Tuesday, July 29, 2008
Hiking Coal Creek, Remembering Targhee
Coal Creek to Mesquite Divide has been our favorite hike since moving to Driggs over 13 years ago. It starts at the base of Teton Pass, on the Driggs side, and heads east towards Taylor Mountain and the Tetons. There's water, wildflowers, aspen & pine trees, views, shade, snow banks, 2,000 feet of climbing, and an incomparable view of the Tetons at the top. We've taken many friends and family members along over the years, and that final view always brings an audible "wow."
No one enjoyed this hike more than our former dog Targhee. He first did the hike at 9 months old back in '96, chasing sticks and bounding up and down hills with ease. He cleared it for the final time in September of '06, plodding steadily behind us. A dog's compressed lifespan is vivid reminder of our own advancing years, no doubt. Targhee was doing great at 11 years old, then his health hit a sudden tailspin and he was gone in March '07. Ironically, he passed away on the exact day that Bridger was born.

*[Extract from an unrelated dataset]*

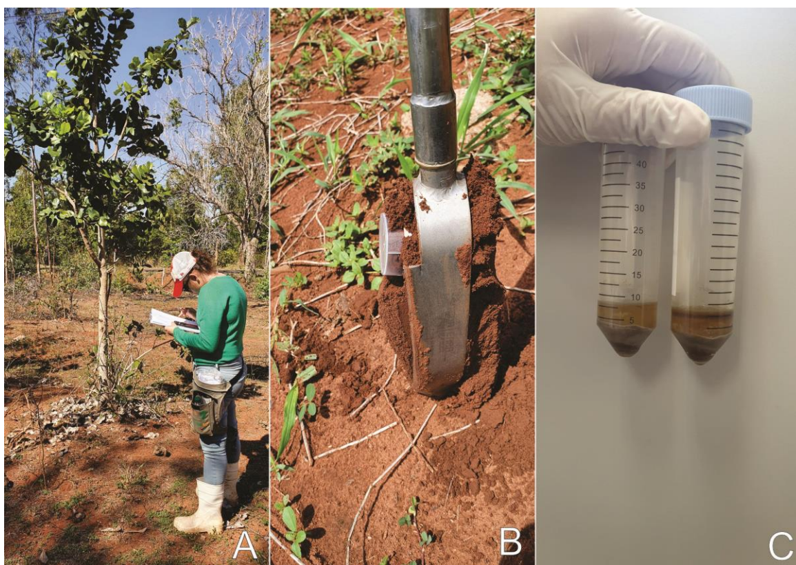
Figura 2: Procedimentos realizados em campo e laboratório para levantamento botânico da vegetação que ocorre em cada área amostrada. A) Georreferenciamento e identificação de espécies; B) Coleta de solo; C) Separação dos grãos de pólen da amostra de solo.

As amostras de solo receberam o seguinte tratamento químico conforme especificado no trabalho de Freitas et al., (2022) com adaptações (Figura 2c). Posteriormente, os tipos polínicos com auxílio de literatura especializada de Barth & Melhem (1988) e Punt et al. (2007), complementada por Dias (2006), Plá-Junior et al. (2006), Silva (2007), Silva (2014), Martins (2010) e Chupil (2013) e outras.

Targhee was the gold standard of dogs, that once-in-a-lifetime companion. Respectful and obedient, yet also playful and enthusiastic. He was always game for adventure, but his defining trait was an unmatched ability to just chill and reflect. His eyes were humanlike, his wordless communication absolutely clear. Friends called him "the wonder dog," especially after he led us out of the hills on a particularly pitch-black night, one of many great Targhee stories. Most of our Targhee photos are old prints, but this rare digital shot reflects his singular presence.
We wanted to remember Targhee in the perfect place, and Mesquite Divide was the clear choice. It took us 16 months to gather the courage, but we finally made the pilgrimage to honor him last week. The hike up Coal Creek was somber, but peaceful. Memories flooded back, especially of the friends and family who shared this hike with Targhee in years past, and even Bridger was more subdued than usual. We took turns sprinkling Targhee's ashes, then just held each other and wept. Crazy how much it still hurts, but we don't have kids, and a piece of us definitely passed away with him. We haven't been completely the same since, and if you knew Targhee you understand.
So, as the wildflowers bloom in the high country each summer, and the elk bugle each fall, and the snow piles high each winter, the Tetons will be keeping Targhee company overseeing it all. The BIG T lives on, part of that circle of life, and we'll never forget him. We're even seeing more of him in Bridger each day now, thank goodness. So, Targhee, our buddy and soulmate, R.I.P. We sincerely hope to see you again.